PROVIDED DATA:
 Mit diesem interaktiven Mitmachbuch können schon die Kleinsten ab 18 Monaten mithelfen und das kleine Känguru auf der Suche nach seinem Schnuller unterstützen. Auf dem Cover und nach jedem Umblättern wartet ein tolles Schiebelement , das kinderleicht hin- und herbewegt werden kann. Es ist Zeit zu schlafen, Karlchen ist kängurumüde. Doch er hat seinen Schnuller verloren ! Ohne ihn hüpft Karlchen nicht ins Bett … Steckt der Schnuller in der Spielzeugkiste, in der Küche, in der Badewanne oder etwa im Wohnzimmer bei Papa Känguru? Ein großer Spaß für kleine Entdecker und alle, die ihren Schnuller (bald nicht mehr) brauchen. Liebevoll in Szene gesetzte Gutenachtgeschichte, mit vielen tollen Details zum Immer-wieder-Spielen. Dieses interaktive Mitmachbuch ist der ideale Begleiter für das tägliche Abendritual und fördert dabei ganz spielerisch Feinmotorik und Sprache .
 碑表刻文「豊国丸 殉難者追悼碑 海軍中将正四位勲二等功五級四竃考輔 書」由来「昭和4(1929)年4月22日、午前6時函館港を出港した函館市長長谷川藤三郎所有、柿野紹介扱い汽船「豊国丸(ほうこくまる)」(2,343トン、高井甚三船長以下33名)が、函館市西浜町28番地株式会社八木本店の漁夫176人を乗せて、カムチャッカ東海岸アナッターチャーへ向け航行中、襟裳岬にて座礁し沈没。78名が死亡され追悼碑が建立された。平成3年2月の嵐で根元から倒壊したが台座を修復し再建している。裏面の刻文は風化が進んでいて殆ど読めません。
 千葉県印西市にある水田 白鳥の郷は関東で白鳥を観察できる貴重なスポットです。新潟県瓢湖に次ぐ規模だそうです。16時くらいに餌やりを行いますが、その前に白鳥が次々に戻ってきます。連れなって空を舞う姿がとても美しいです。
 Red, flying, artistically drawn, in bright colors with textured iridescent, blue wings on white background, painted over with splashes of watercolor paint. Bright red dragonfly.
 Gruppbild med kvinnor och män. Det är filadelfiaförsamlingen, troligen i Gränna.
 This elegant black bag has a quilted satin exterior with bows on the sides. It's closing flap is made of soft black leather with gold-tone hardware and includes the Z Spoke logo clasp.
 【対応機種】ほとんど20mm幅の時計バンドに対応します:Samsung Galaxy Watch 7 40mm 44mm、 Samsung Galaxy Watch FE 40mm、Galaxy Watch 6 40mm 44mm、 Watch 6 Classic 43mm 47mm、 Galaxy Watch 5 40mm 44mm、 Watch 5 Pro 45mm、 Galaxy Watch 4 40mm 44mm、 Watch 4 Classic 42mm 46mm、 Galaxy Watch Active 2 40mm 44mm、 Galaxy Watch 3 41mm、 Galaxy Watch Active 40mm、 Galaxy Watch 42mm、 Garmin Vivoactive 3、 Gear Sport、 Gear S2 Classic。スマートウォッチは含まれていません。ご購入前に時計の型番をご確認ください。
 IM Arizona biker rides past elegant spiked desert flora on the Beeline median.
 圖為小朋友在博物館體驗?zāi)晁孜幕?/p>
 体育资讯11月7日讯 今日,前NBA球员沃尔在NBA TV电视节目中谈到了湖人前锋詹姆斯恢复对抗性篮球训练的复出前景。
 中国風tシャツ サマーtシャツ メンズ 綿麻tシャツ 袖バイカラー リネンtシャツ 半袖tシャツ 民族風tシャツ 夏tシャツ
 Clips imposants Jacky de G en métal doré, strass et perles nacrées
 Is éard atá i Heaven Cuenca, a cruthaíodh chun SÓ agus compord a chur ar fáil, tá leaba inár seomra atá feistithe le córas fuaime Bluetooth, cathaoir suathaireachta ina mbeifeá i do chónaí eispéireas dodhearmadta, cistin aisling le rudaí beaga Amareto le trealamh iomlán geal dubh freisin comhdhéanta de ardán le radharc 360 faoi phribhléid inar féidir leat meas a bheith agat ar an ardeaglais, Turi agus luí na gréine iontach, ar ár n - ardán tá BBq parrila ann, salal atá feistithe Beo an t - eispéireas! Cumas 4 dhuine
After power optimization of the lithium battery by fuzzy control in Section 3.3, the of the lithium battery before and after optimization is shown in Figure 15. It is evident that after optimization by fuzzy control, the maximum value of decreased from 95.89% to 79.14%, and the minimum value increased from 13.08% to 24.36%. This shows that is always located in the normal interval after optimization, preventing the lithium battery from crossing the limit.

TASK PROMPT:
Copy task for the entries above: every line with the string "elegant".

TASK OUTPUT:
 This elegant black bag has a quilted satin exterior with bows on the sides. It's closing flap is made of soft black leather with gold-tone hardware and includes the Z Spoke logo clasp.
 IM Arizona biker rides past elegant spiked desert flora on the Beeline median.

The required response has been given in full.